NAICOM to sanction insurance firms for non-implementation of corporate governance guidelines


The National Insurance Commission (NAICOM) has said that it will sanction insurance companies that fail to implement the corporate governance guidelines which became effective this month.

Speaking to Vanguard on the sidelines of the 2021 annual seminar for insurance journalists in Lagos, Commissioner for Insurance, Mr. Sunday Thomas said that the absence of sound corporate governance structure in some insurance companies has been the cause of their abysmal performance over the years.

Thomas said: “The corporate governance guidelines that became effective this June will change the way companies are being run in the country. Companies don’t fail on their own, instead people make companies to fail. Companies don’t die, companies are killed and the death of companies involves poor governance structure.

“We are aware that effective from the 1st of June, the corporate governance guidelines have become effective. This is to make sure that whatever resources that are put into the insurance sector are well protected.”

Meanwhile, Thomas said NAICOM Academy will kick off by the end of 3rd quarter or the beginning of 4th quarter 2021.

According to Thomas, one area which the Commission has not gained speed is in the area of the academy.

He said: “NAICOM has acquired a property and work is currently ongoing. We believe that by the end of third quarter or beginning of fourth quarter 2021, the NAICOM Academy will take off.”
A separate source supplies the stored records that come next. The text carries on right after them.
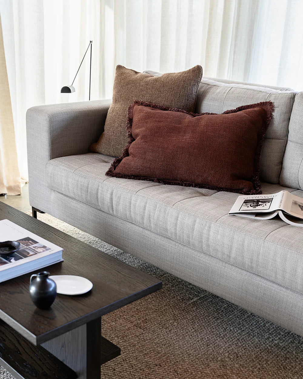 Invite rich brick tones into your interior with the understated design of the Dover lumbar cushion. Crafted from thick strands of yarn, the simple weave and soft, fringed edging adds an inviting touch of texture and colour to your space.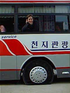 Our tour bus suffered a flat tire on the way home, but it turned out to be one of the most enjoyable breakdowns ever. Our gracious tour guide made up for the inconvenience by buying us all dinner and ice cream while we waited for a spare. |
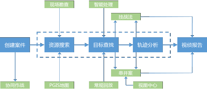 依据公安机关案件视频侦查业务进行业务流程设计,将案件视频侦查过程抽象模型化,归纳总结为:创建案件、资源搜索、目标查找、轨迹分析、视侦报告五个过程。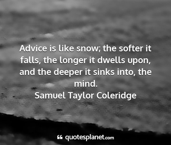 Advice is like snow; the softer it falls, the longer it dwells upon, and the deeper it sinks into, the mind.Samuel Taylor Coleridge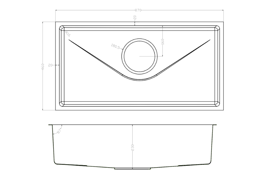 Vệ sinh lòng chậu dễ dàng với góc lượn R16 mm.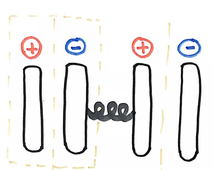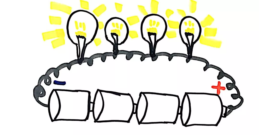 “如果简单地把两个电池串联,我们可以用一根导线连接相邻电池:”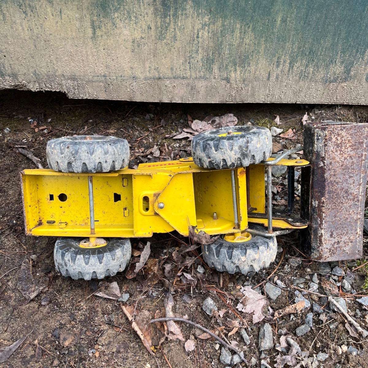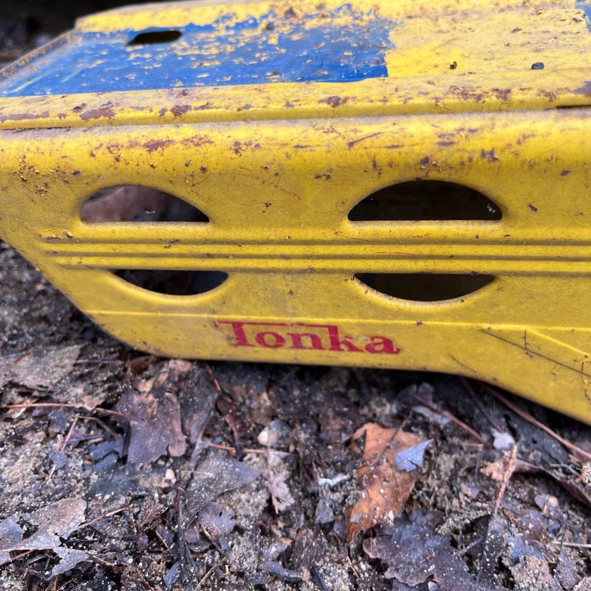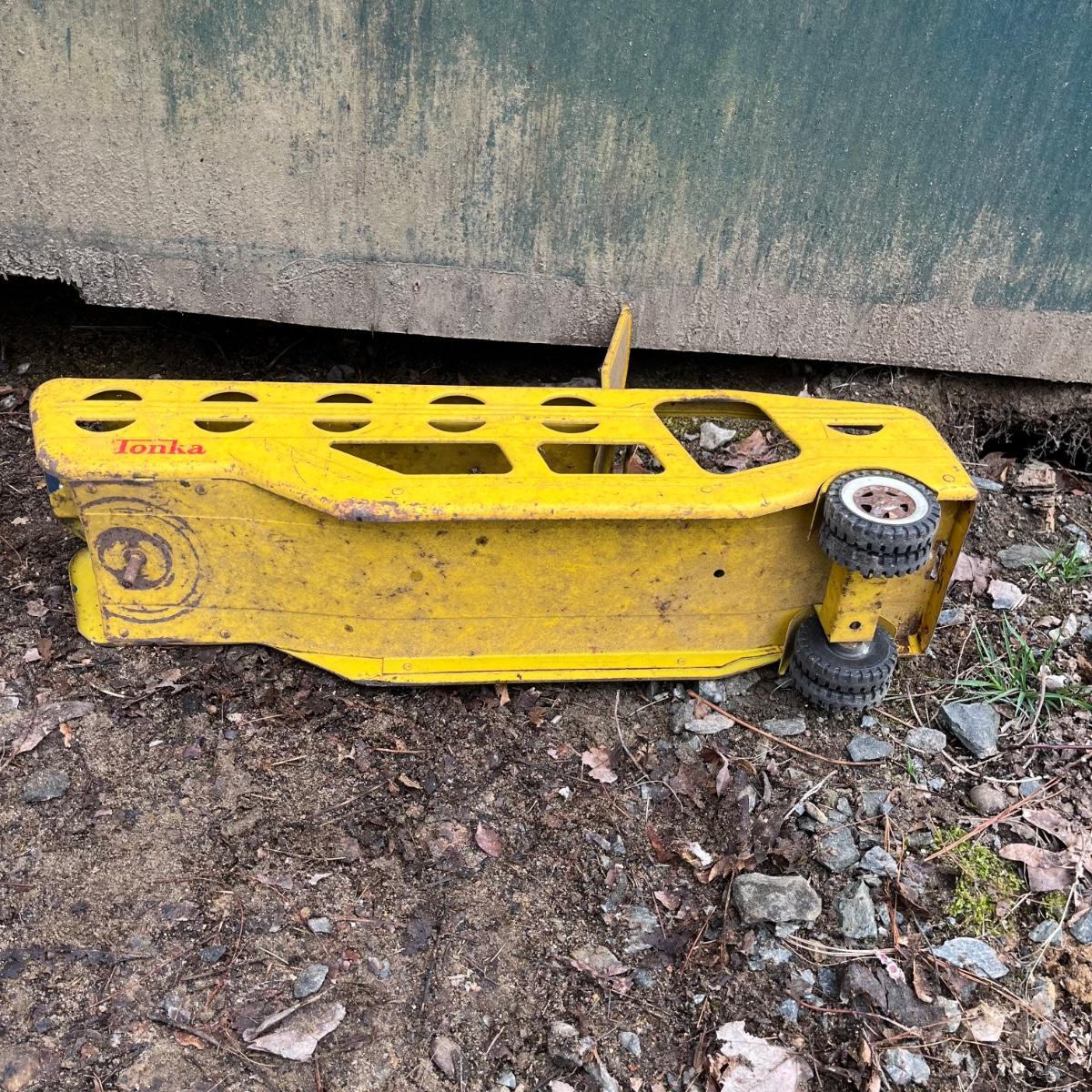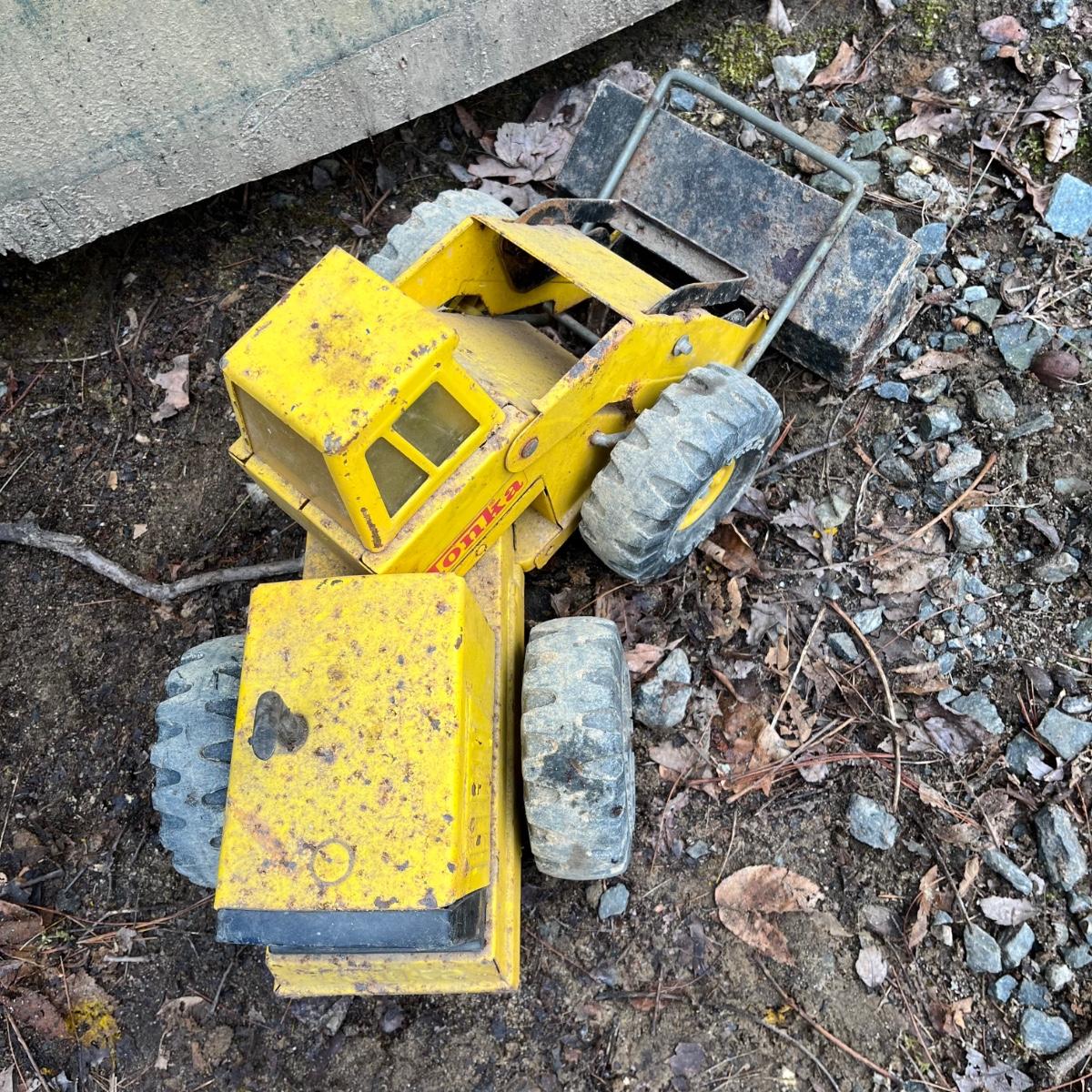 Lot includes a metal Tonka Grader, articulated bulldozer and a car trailer. The bulldozer measures 8.5” x 19” x 9”.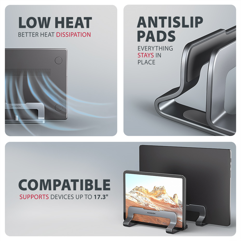 AXAGON STND-VG vertical stand for laptops and tablets | Adjustable width | 10-17.3 " | Grey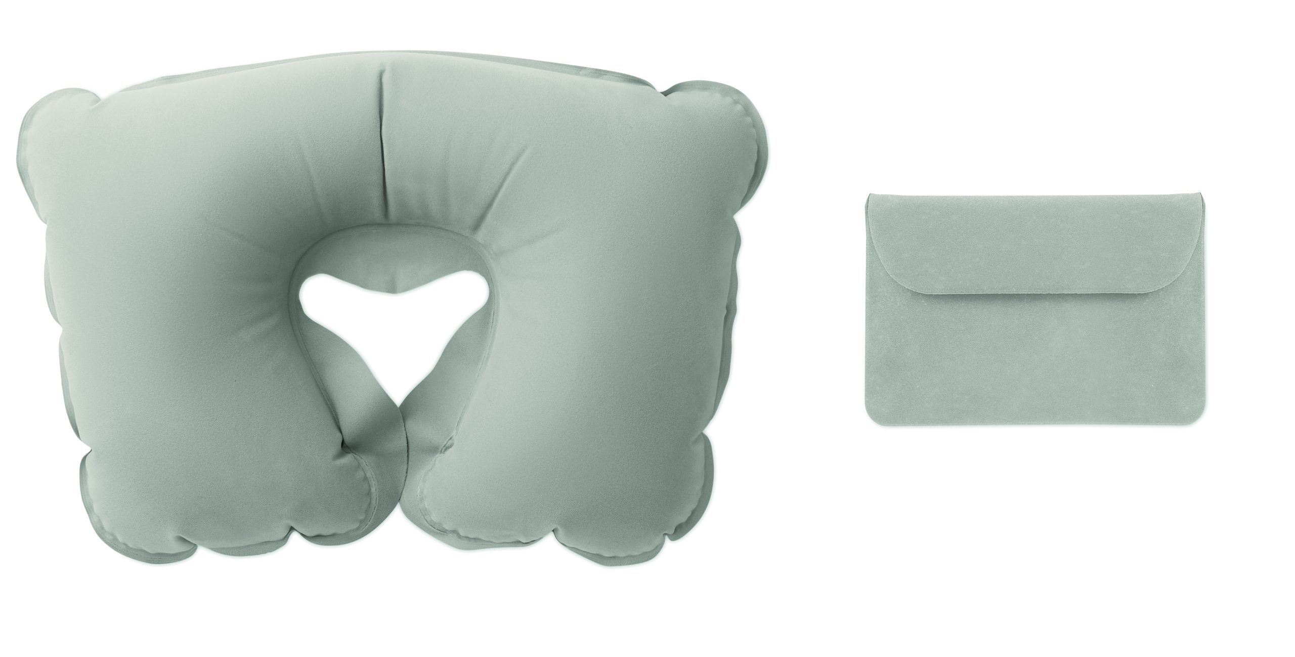 Inflatable travel pillow in velvet pouch. Popular for use in car, train or plane.

According to him, the academy will not only serve the commission’s training needs, but also those of other regulators in the West African sub-region.

According to him the academy will not compete with the College of Insurance which is run by the Chartered Insurance Institute of Nigeria (CIIN) but complement the activities of the institute for the benefits of insurance business and insurance profession.

On distribution channels in the industry, he said the traditional method of distributing insurance is becoming outdated and inadequate to take care of the speed of the people the industry intends to reach.

“We must begin to develop other channels. There are few of them that have been developed and waiting for final touches to be released,” Thomas stated.